The consumer price index jumped 8.7% in January, the Philippine Statistics Authority (PSA) said on Tuesday, well above the 7.6% median estimate in a BusinessWorld poll conducted last week and the 7.5% to 8.3% forecast range given by the Bangko Sentral ng Pilipinas (BSP).
This was also higher than the 8.1% in December, which the BSP earlier said would be the peak, and 3% a year ago.
January’s headline inflation was the fastest in over 14 years or since the 9.1% uptick recorded in November 2008. It also marked the 10th consecutive month inflation was above the BSP’s 2-4% target range.
Month on month, inflation climbed to 1.7% from 0.3% in December. Stripping out seasonality factors, month-on-month inflation rose by 1% in January.
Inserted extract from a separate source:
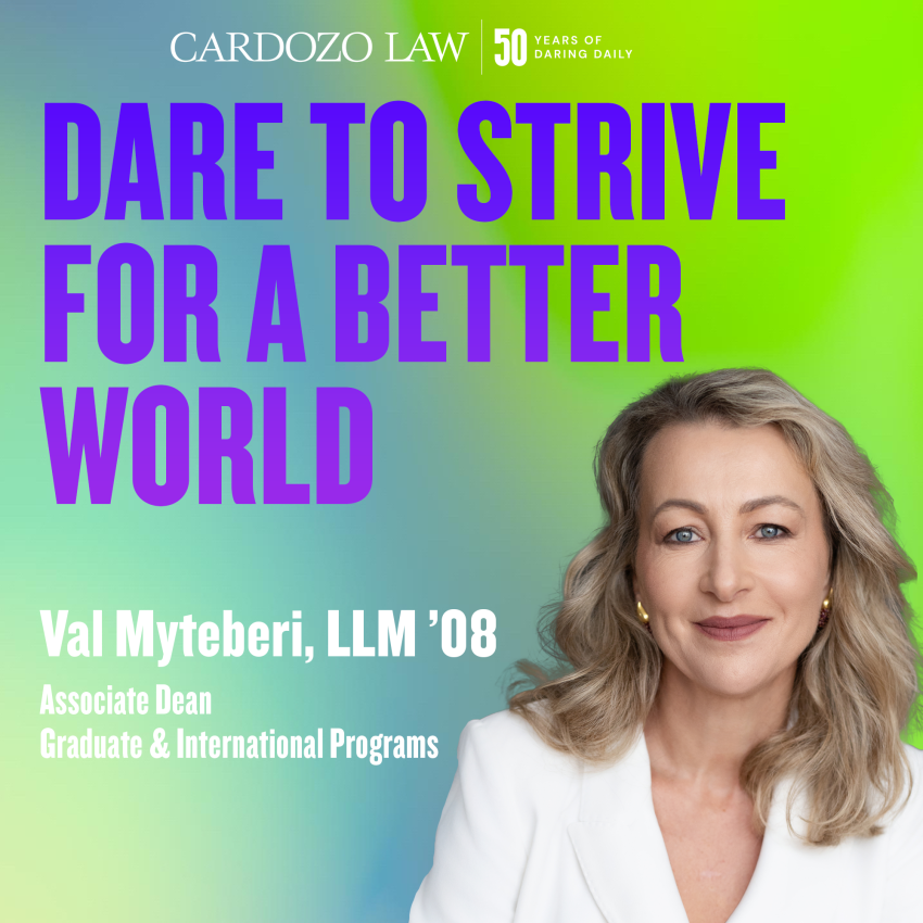 Valbona Myteberi dares to strive for a better world by building bridges between Cardozo and the global community. As Associate Dean of Graduate and International Programs, she plays a central role in expanding international partnerships, supporting students from around the world, and shaping innovative programs that prepare lawyers for a globalized legal landscape. Through her leadership, Cardozo continues to connect ideas, people, and opportunities across borders, strengthening a vibrant, worldwide legal community and creating pathways for impact far beyond the classroom.

Core inflation, which excludes volatile prices of food and fuel, jumped to 7.4% in January from 6.9% in December and 1.8% in the same month in 2022. This is the fastest core inflation print in more than two decades or since 8.2% in December 2000.
At a press briefing, National Statistician Claire Dennis S. Mapa attributed the sizzling January inflation to the 11.2% annual increase in food inflation, which was the fastest since the 11.3% in March 2009.
Food inflation quickened from 10.6% a month ago and 1.6% in January 2022, mainly due to 37.8% increase in vegetable prices from 32.4% in December.
Supply issues drove up prices of key agricultural products such as onions. Mr. Mapa noted onions accounted for only 0.34% of the food basket, but its inflation hit 132% in January. This pushed onions’ contribution to food inflation to 12.7% during the month.
Mr. Mapa said inflation was also driven by faster increases in housing, water, electricity, gas and other fuels (8.5% from 7% in December) and restaurants and accommodation services (7.6% from 7%).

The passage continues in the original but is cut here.